Across the nation, Indian kids are dribbling, weaving and jumping, and pretending to be Michael Jordan. Sometimes they’re playing on a pristine court in the local school gym; other times, they’re making their move for hoop glory under a bright blue sky on a packed dirt “court” with an ancient, rusting hoop attached to the side of a barn, with a slowly-leaking ball that has to be pumped up periodically.

No matter how poor a community may be, parents scrimp and save to get to games to cheer their kids on. Teams named the Winslow Bulldogs, Hopi Bruins, or San Carlos Braves go head-to-head to bring home coveted state championship trophies, traveling as many as eight hours on a converted old bus to play teams in Window Rock, Snowflake, Casa Grande or Flagstaff.

Tribal newspapers always devote lots of room to report the latest game stats. Even KTNN, the Navajo Nation’s radio station, broadcasts Phoenix Suns games in the Navajo language.
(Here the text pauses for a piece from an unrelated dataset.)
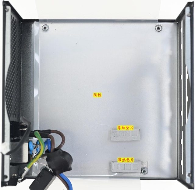 ▼外殼底部透明隔板於二次側MOSFET導熱墊片下方開孔,接觸隔板與外殼之間的鋁板,協

Right now, hoop junkies are preparing for July’s tribal basketball extravaganza. The Native American Basketball Invitational, or NABI, is the closest thing the United States has to a national high school championship for American Indians.

High school? Right – it seems that scouts could never quite grok that the next LeBron James could be lurking inside a rez high school, so these potential hoop stars haven’t yet had access to college sports. They still don’t know that the excitement of trying for three-point long shots while the crowd screams their names isn’t necessarily a winning strategy.

Tex G. Hall was one of those young players who aspired to the pros. But he never got the grooming, coaching, scholarships or national attention that a top college program gives to its stars, so he never made it. He went on to become chairman of the Mandan, Hidatsa and Arikara Nation, otherwise known as the Three Affiliated Tribes. And now, he is the honorary president of NABI, to see if he can’t help the younger generation reach hoop heaven.

NABI was started in 2003, and it’s grown into the country’s largest Native American basketball tournament. Men’s and women’s teams from high schools across the continent converge on Phoenix every year to vie for top honors. The competition has also garnered the support of the Phoenix Suns, sports manufacturing giant Nike, and tribes and enterprises. The finals are played on the boards of the Suns’ home turf, the U.S. Airways Center.

NABI’s efforts and unvarnished thrills are beginning to bear fruit. The NCAA finally awarded NABI with a coveted certification in 2007, and now college coaches are beginning to troll for talent. Anthony Brown, of the Cheyenne-Arapaho Tribe, was the tournament’s Most Valuable Player in 2003. He signed to play pro basketball in Spain. Others are now making their way through college ball.

The next hoop legend could be practicing free throws right now on a rusty old hoop with a half-flat basketball on a dirt court. NABI tickets are only $10; you could see it happen yourself.

Debra Utacia Krol, an enrolled member of the Xolon (or Jolon) Salinan Tribe of central California, is a freelance journalist based in Arizona.